BMS and Pfizer Make Strides in Colorectal Cancer Treatment with Promising Phase III Results

Bristol Myers Squibb (BMS) and Pfizer have unveiled new late-stage data at the 2025 American Society of Clinical Oncology Gastrointestinal Cancer Symposium (ASCO GI) in San Francisco, potentially establishing their respective cancer therapies as new standards of care in specific colorectal cancer subtypes.

BMS's Opdivo-Yervoy Combination Shows Strong PFS Benefit

In the Phase III CheckMate -8HW trial, BMS's PD-1 inhibitor Opdivo (nivolumab), when combined with the company's anti-CTLA4 antibody Yervoy (ipilimumab), demonstrated significant progression-free survival (PFS) benefits in patients with microsatellite instability-high/mismatch repair-deficient (MSI-H/dMMR) metastatic colorectal cancer (mCRC).

After a median follow-up of 47 months, the Opdivo-Yervoy combination reduced the risk of death or disease progression by 38% compared to Opdivo monotherapy, with a p-value of 0.0003. The overall response rate (ORR) was also notably higher in the combination arm, reaching 71% versus 58% for Opdivo alone.

While the combination therapy showed a higher incidence of grade 3 or 4 treatment-related adverse events (22% vs. 14% for monotherapy), BMS reported that the safety profile remained consistent with previous findings, with no new signals of concern.

Thierry Andre, head of the Medical Oncology department at Sorbonne University, stated that these findings "confirm nivolumab plus ipilimumab as a new standard treatment for people living with metastatic colorectal cancer." Andre has disclosed receiving honoraria from BMS and acting as a consultant or advisor to the company.

Pfizer's Braftovi Combination Shows Promise in BRAF V600E-Mutant mCRC

Pfizer announced that its oral kinase inhibitor Braftovi (encorafenib), when used in combination with cetuximab and the mFOLFOX6 chemotherapy regimen, demonstrated significant ORR improvements in mCRC patients with the V600E mutation in the BRAF gene.

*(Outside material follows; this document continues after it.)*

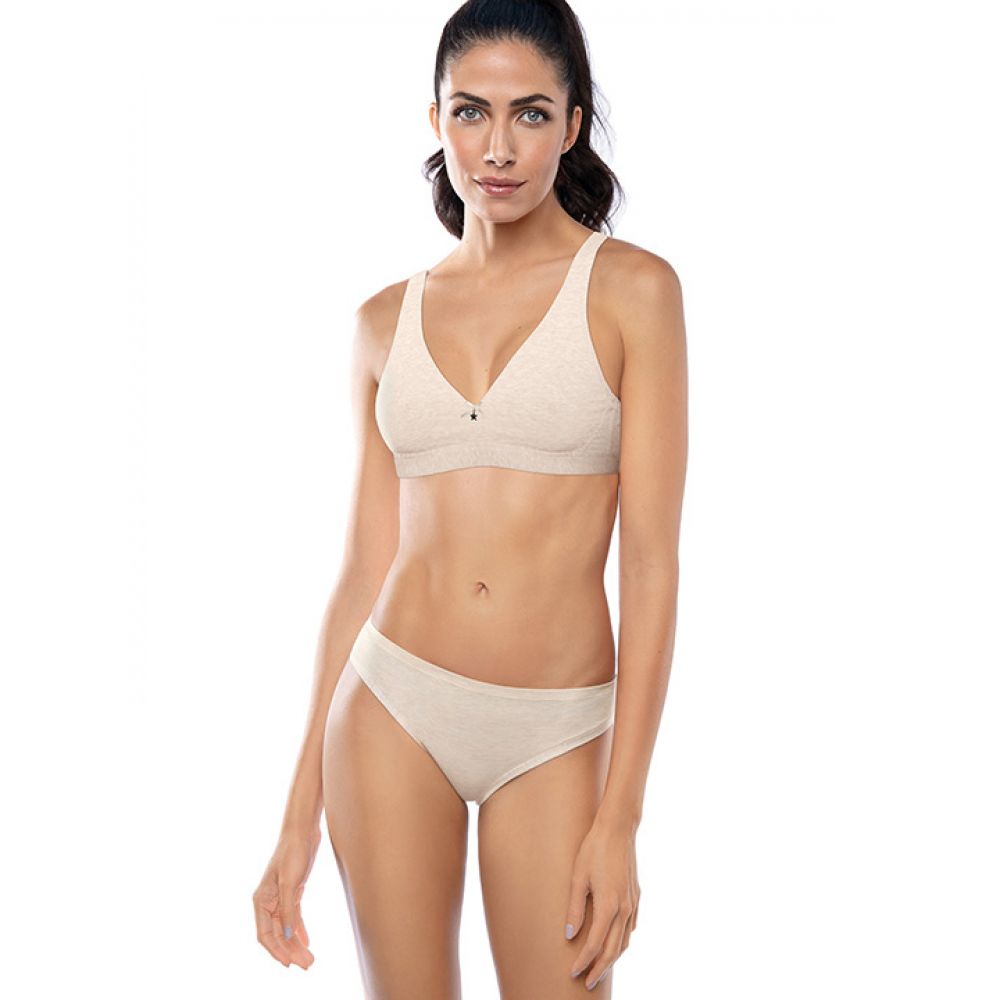 Бюстгальтер-триангул с мягкой чашкой из двух слоев ткани, без косточек. Бочок усилен вертикальными пластинами и выполнен из двух слоев хлопка. По всему нижнему краю изделия проходит широкая резинка, обтянутая хлопком, для лучшей посадки. Несъемные, регулируемые бретели. Изделие выполнено из органического хлопка, собранного вручную, без вредных веществ. Гипоаллергенно.

The Braftovi combination yielded a 60.9% ORR, compared to 40% in patients receiving chemotherapy with or without bevacizumab. This difference was statistically significant, with a p-value of 0.0008. The median duration of response was 13.9 months in the Braftovi arm, versus 11.1 months in the control group.

While overall survival data were still immature, Pfizer reported a trend favoring the Braftovi combination. The safety profile of the combination therapy was consistent with the known side effects of each agent, with serious adverse events approximately balanced between treatment groups.

Scott Kopetz, deputy chair of Gastrointestinal Medical Oncology at The University of Texas MD Anderson Cancer Center and co-principal investigator of the Pfizer study, suggested that these findings potentially position the Braftovi regimen as "the new standard of care for people with BRAF V600E-mutant metastatic colorectal cancer, for whom long-term disease control is critical."

These developments from BMS and Pfizer represent significant advancements in the treatment of specific subtypes of metastatic colorectal cancer, offering new hope for patients and potentially reshaping the standard of care in this challenging disease area.